Ⅱ: start reading the data of the matching table (Probed Table), use the same Hash function for the join operation associated column of each row of data, and locate the Hash Bucket in the Build Table where the data has the same value after using the Hash function.

Ⅲ: after locating the specific Hash Bucket, first check whether there is any data in the Bucket, and immediately discard this row of the matching table (Probed Table) if not. If there is data in it, continue to check whether the data in it (the data in the driver table) matches the data in the matching table.

2): ONEPASS HASH JOIN:

The ONEPASS schema is used when the result set obtained from the driver table (also known as Build Table) is so large that all the Hash Table built from the result set cannot be put in memory.

Brief description of the connection process:

Ⅰ: use the Hash function to associate columns with the join operations of rows of data in Build Table. After building Hash Table based on the result set of Build Table, because memory cannot drop all Hash Table contents, some Hash Bucket will be put in memory and some Hash Bucket on disk. No matter in memory or on disk, Oracle uses a Bitmap structure to reflect the status of these Hash Bucket (including its location and whether data is available).

Ⅱ: read the matching table data and use the same Hash function for the join operation associated column of each row, and locate the Bucket with the same value data in the Build Table on the Bitmap after using the Hash function. If the Bucket is empty, the data of the matching table is discarded. If it is not empty, you need to see if the Bucket is in memory or on disk.

If you are in memory, access the Bucket directly and check whether the data in it matches, and return the query result if there is a match.

If you are on disk, put this piece of data to be matched aside, store it in memory temporarily, and then write it in batches to disk after a certain amount of data has been accumulated (Dump probe partitions to disk in the image above).

Ⅲ: after a complete scan of the matching table, some of the matching data may have been returned. Next, some of the Hash Bucket data in Hash Table on disk and some of the matching data written to disk in the matching table are not processed. Now Oracle will rematch these two parts of data on disk and return the final query result.

3): MULTIPASS HASH JOIN:

MULTIPASS mode is used when the memory is very small or the data of Hash Table is relatively large. MULTIPASS reads disk data multiple times and should avoid using this mode as much as possible.
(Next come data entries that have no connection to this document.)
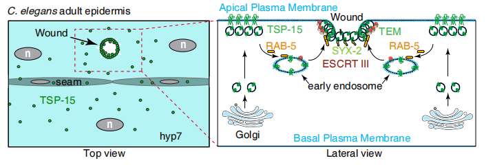 成年线虫表皮为139个细胞融合而成的一个巨大的多核单细胞,在过去的研究中课题组通过快速活体成像和遗传学方法,发现线粒体能够快速感应损伤发生片段化促进修复(Fu et al., Nature Communications 2020),同时鉴定到细胞膜融合蛋白EFF-1在细胞膜损伤修复中的重要功能(Meng et al., Dev Cell 2020)。在该项工作中,研究者将目光聚焦与广泛分布于细胞膜上的四次跨膜蛋白(Tetraspanins, TSPs),发现TSP-15不仅在成年线虫表皮中表达,而且能够对针刺、激光、单线氧化学损伤、遗传突变所导致的损伤等多种细胞膜损伤方式发生响应,并在伤口处发生明显聚集。研究表明,无论是组成 ESCRT III 的关键亚基VPS-32.1(CHAM4B同源基因)还是 VPS-4(AAA+ ATPase)的RNAi敲降都会显著抑制TSP-15::GFP在伤口处的聚集,并且导致更多的 TSP- 15滞留在由 RAB-5 标记的异常形态的早期内体上。最后,研究团队发现 TSP-15 通过与膜修复蛋白 SYX-2 发生互作,并通过进一步招募SYX-2 在在伤口处的聚集来促进细胞膜的修复。
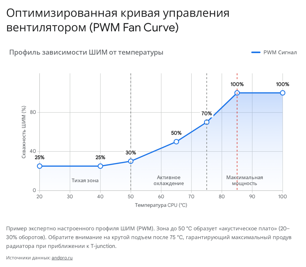 Грамотная кривая управления строится с использованием зонной архитектуры. До температуры 50–55 °C устанавливается «акустическое плато» — вентиляторы работают на минимальных оборотах (20-30% ШИМ), обеспечивая абсолютную тишину. Теплоемкости самого металла радиатора вполне достаточно для абсорбции кратковременных всплесков тепла от фоновых процессов операционной системы.
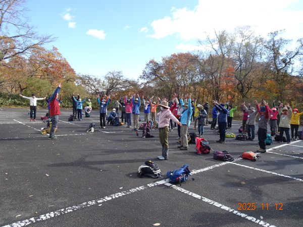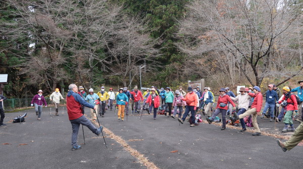 温泉旅館の駐車場をお借りしての準備体操、今回も体操おじさんが
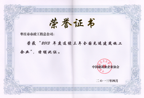 2013年度連續(xù)三年全國先進(jìn)建筑施工企業(yè)
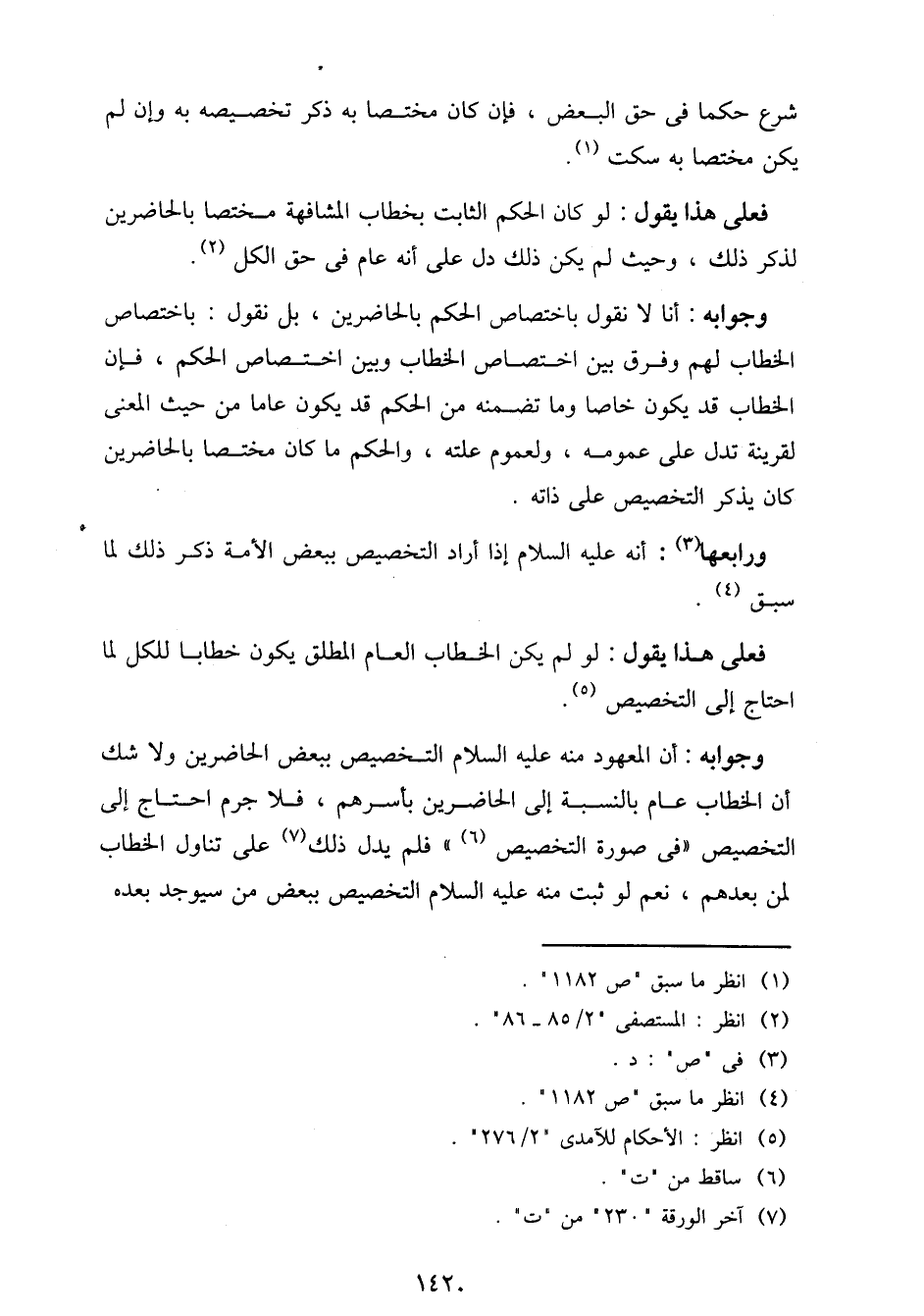 وجوابه: أن المعهود منه عليه السلام التخصيص ببعض الحاضرين ولا شك أن الخطاب عام بالنسبة إلى الحاضرين بأسرهم، فلا جرم احتاج إلى التخصيص في صورة التخصيص" فلم يدل ذلك على تناول الخطاب لمن بعدهم، نعم لو ثبت منه عليه السلام التخصيص ببعض من سيوجد بعده
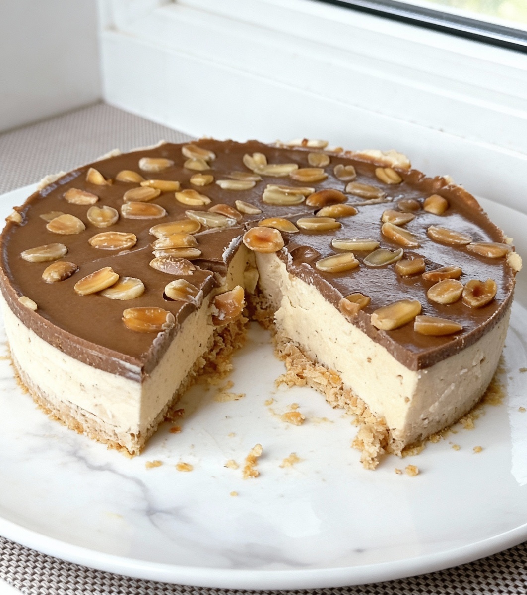 Арахисовый чизкейк с нежным творожным слоем и шоколадной глазурью.
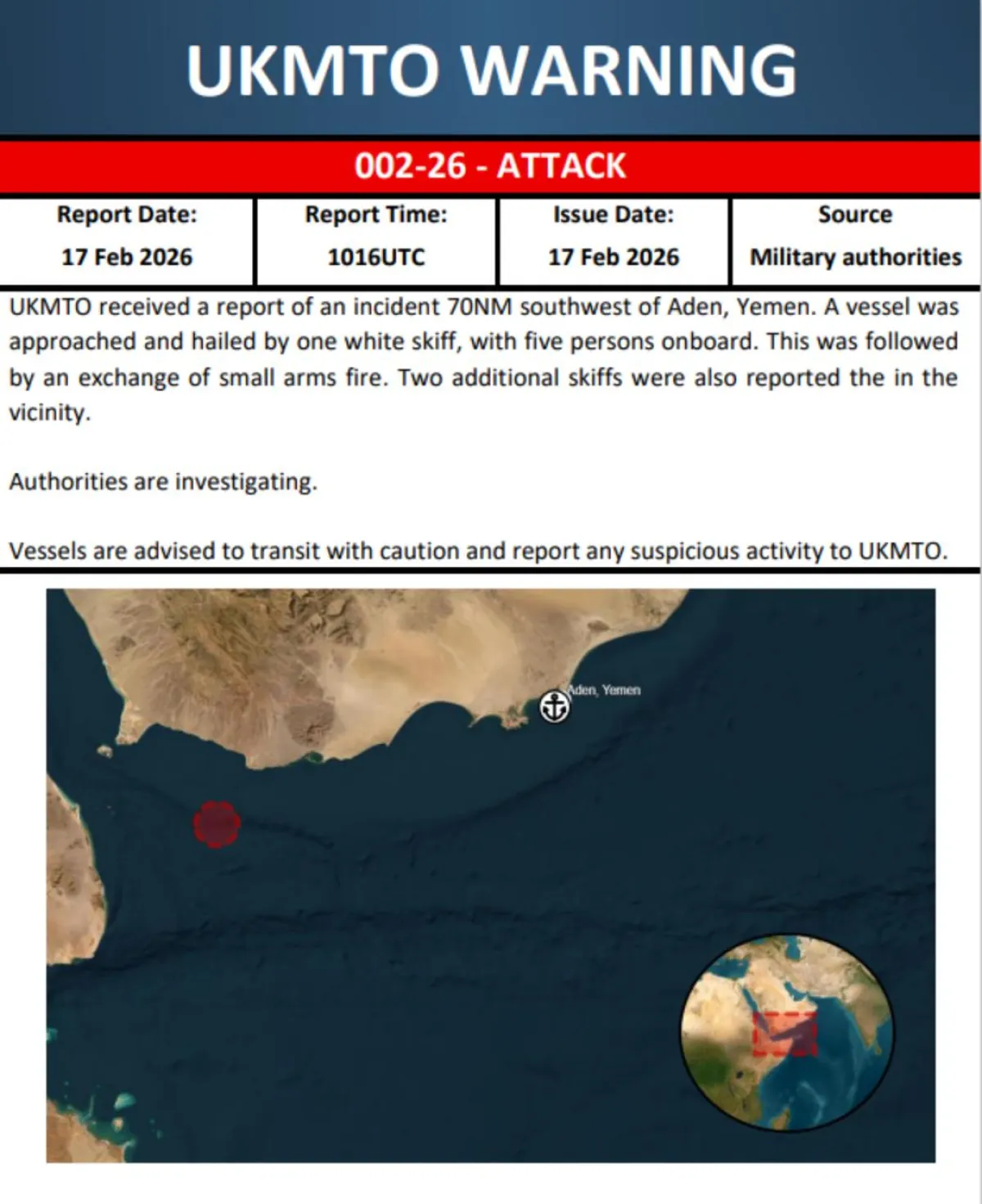 أفادت هيئة عمليات التجارة البحرية البريطانية (UKMTO) بوقوع تبادل لإطلاق نار باستخدام أسلحة خفيفة بعد اقتراب قارب صغير يحمل خمسة أشخاص من سفينة تجارية قبالة السواحل اليمنية. وأوضحت الهيئة في بيان صدر عنها أن الحادثة وقعت عندما اقترب القارب المشبوه من السفينة وأصدر إشارات غير واضحة، مما استدعى رداً أمنياً من طاقم السفينة المعنية. وذكر البيان أن الاشتباك تضمن تبادلاً لإطلاق النار بالأسلحة الخفيفة بين القارب والسفينة، مشيراً إلى أن التفاصيل الدقيقة حول سبب هذا الاقتراب والتبادل الناري لا تزال قيد المتابعة والتحقيق. وأكدت الهيئة أن السفينة وطاقمها استأنفا رحلتهما بعد وقوع الحادث، دون ورود تقارير فورية عن وقوع إصابات أو أضرار مادية جسيمة للسفينة التجارية. |
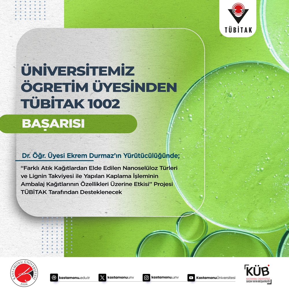 The project titled "Nanocellulose Types Obtained from Different Waste Papers and the Effect of Coating Process with Lignin Reinforcement on the Properties of Packaging Papers", carried out by Assistant Professor Ekrem Durmaz, one of the faculty members of the Forest Industrial Engineering Faculty of our University, was entitled to receive TÜBİTAK 1002-A Rapid Support Module grant.

3. In the picture above... OUTER describes the table join type

Two types of table joins:

INNER JOIN (internal connection) OUTER JOIN (external connection)

The sample data shows:

There are two tables An and B, and the information in Table An is as follows:

The information in Table B is as follows:

The following examples are demonstrated by tables An and B.
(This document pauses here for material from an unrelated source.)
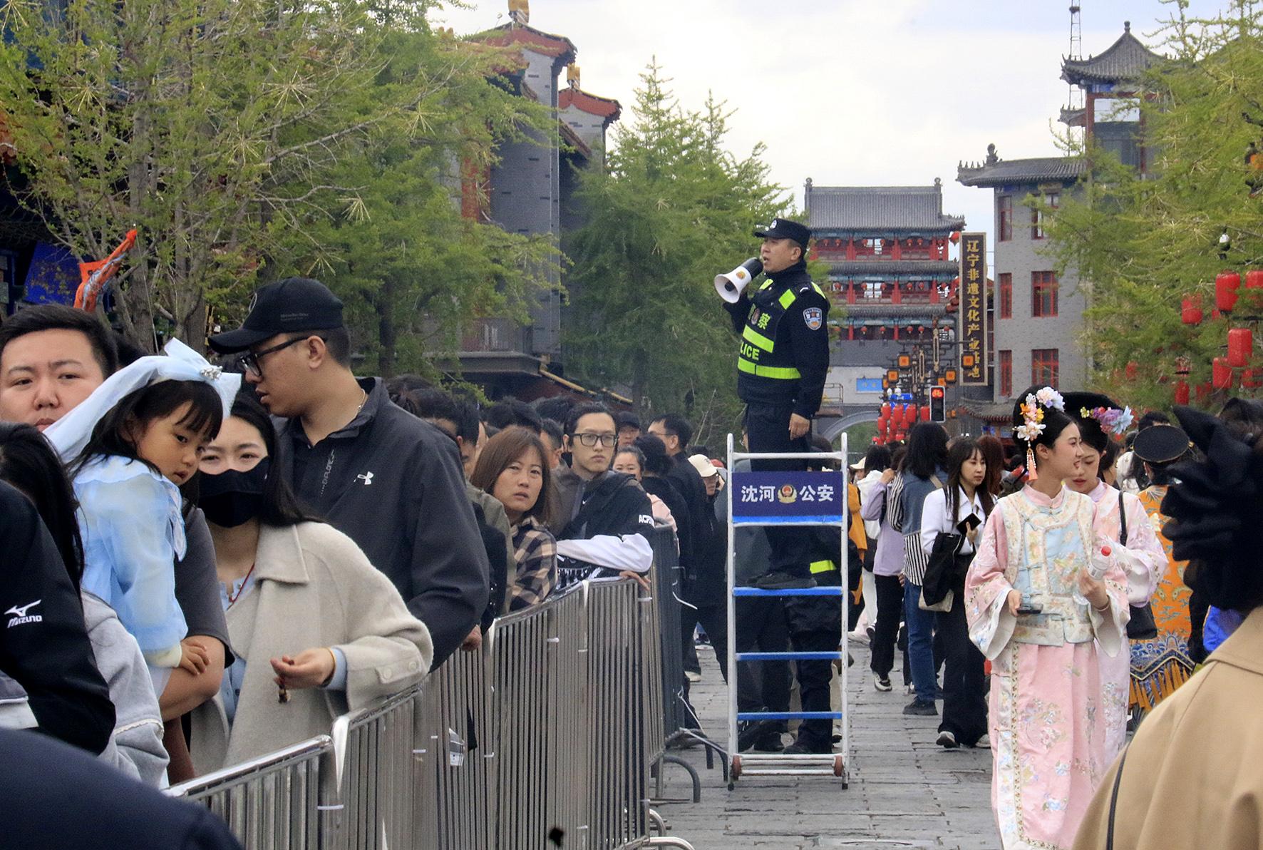 5月3日,遼寧省沈陽市公安局沈河分局民輔警在沈陽故宮執(zhí)勤。
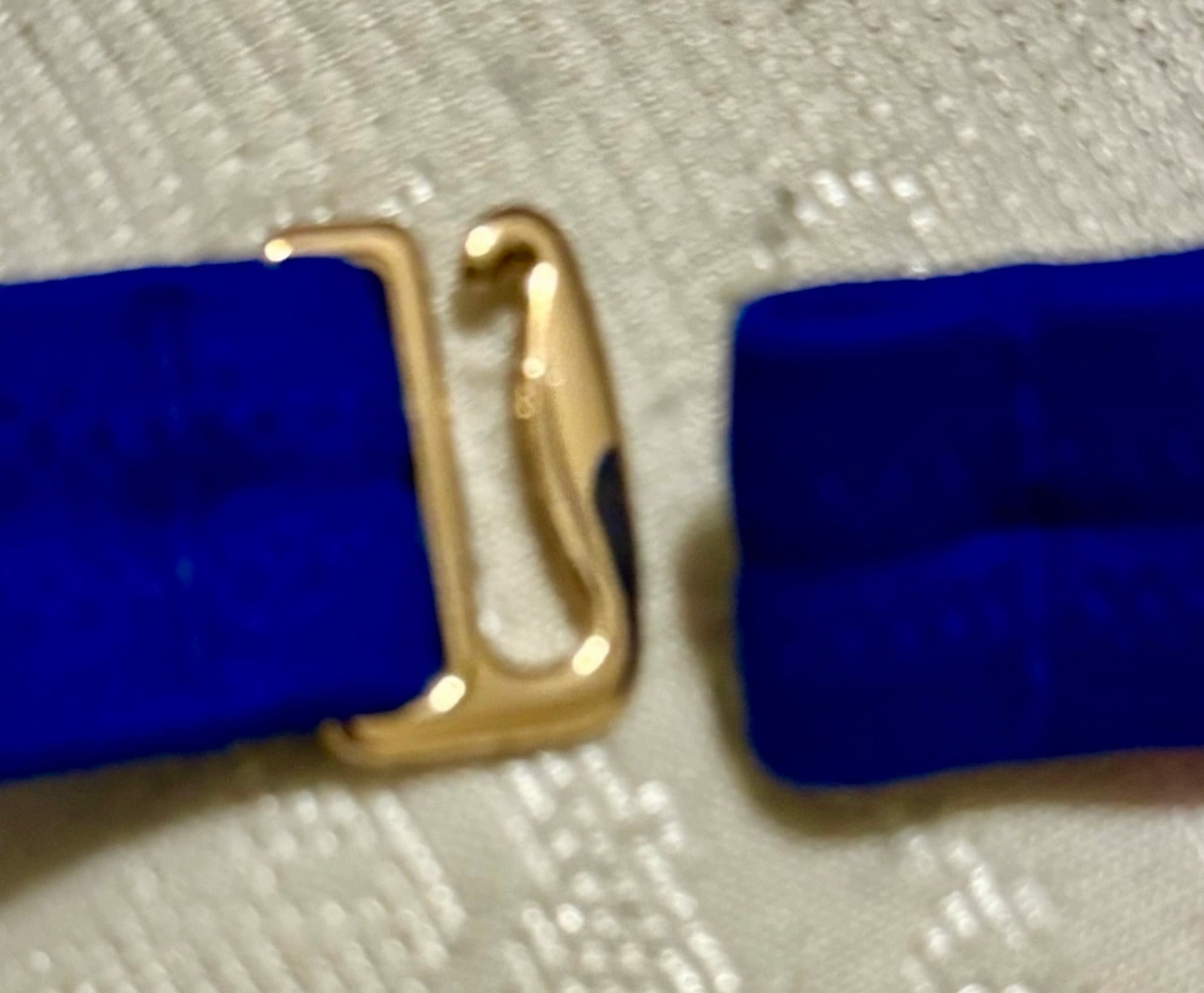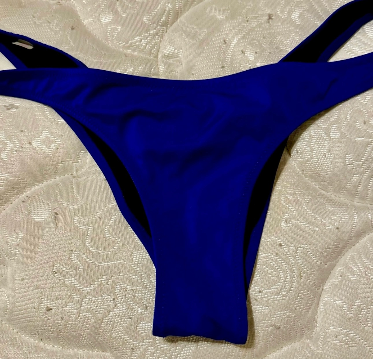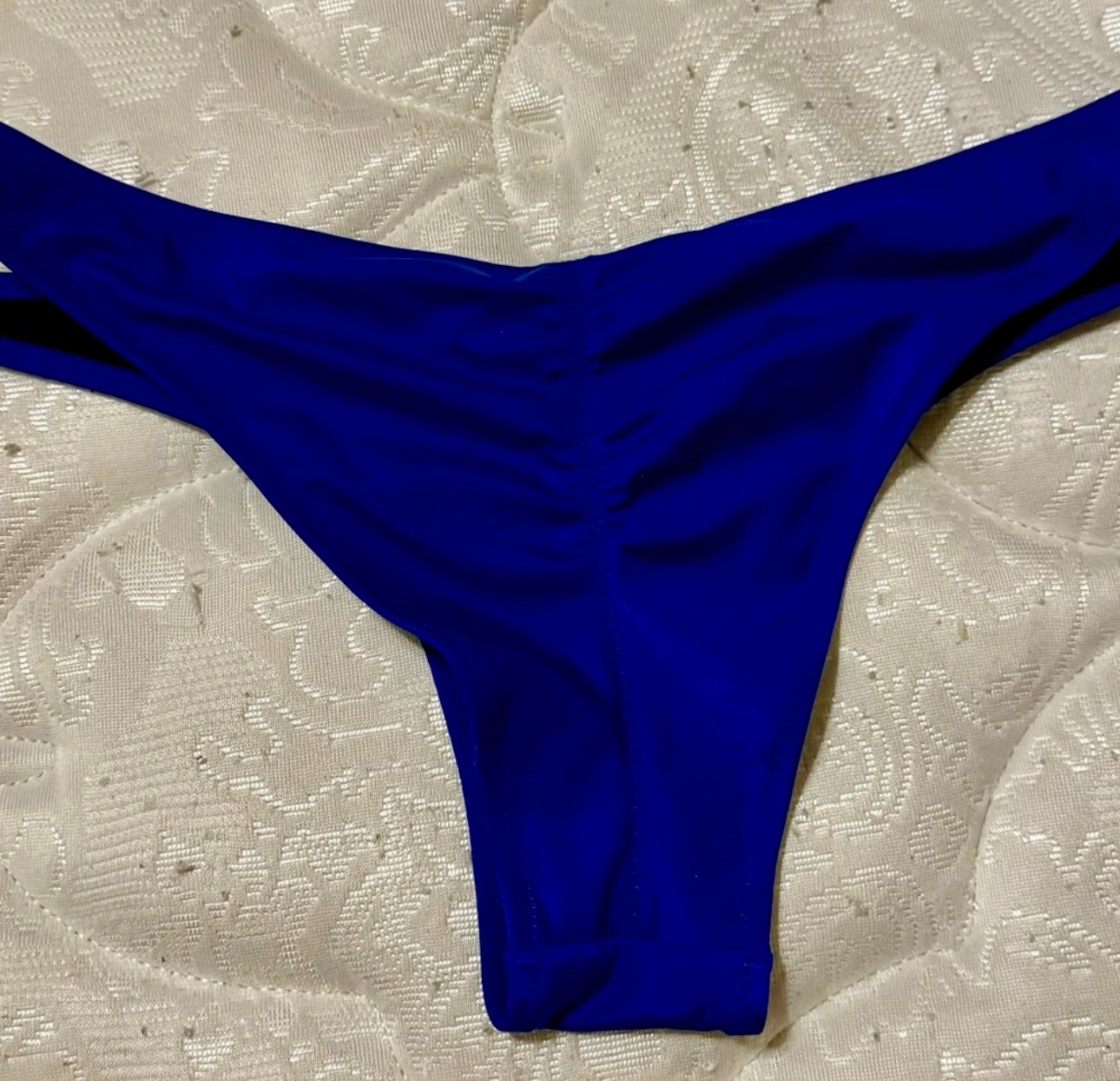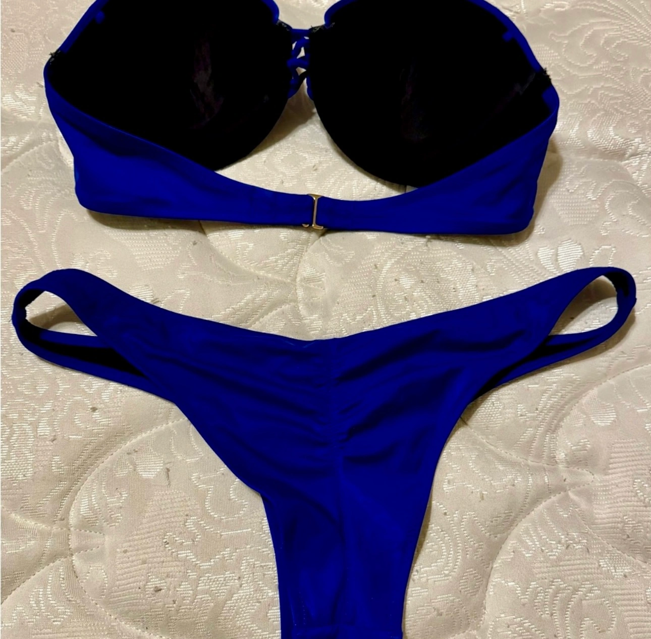 This is a two-piece bikini in the color blue. The top is a bandeau style with a clasp in the back. The bottom is a cheeky style,

(1) INNER JOIN (internal connection):

Only matching records in the two tables are returned.

There are two types of INNER JOIN:

Equivalent connection (connection condition =) non-equivalent connection (connection condition is non-=, such as > > <

Welcome to subscribe "Shulou Technology Information " to get latest news, interesting things and hot topics in the IT industry, and controls the hottest and latest Internet news, technology news and IT industry trends.

*The comments in the above article only represent the author's personal views and do not represent the views and positions of this website. If you have more insights, please feel free to contribute and share.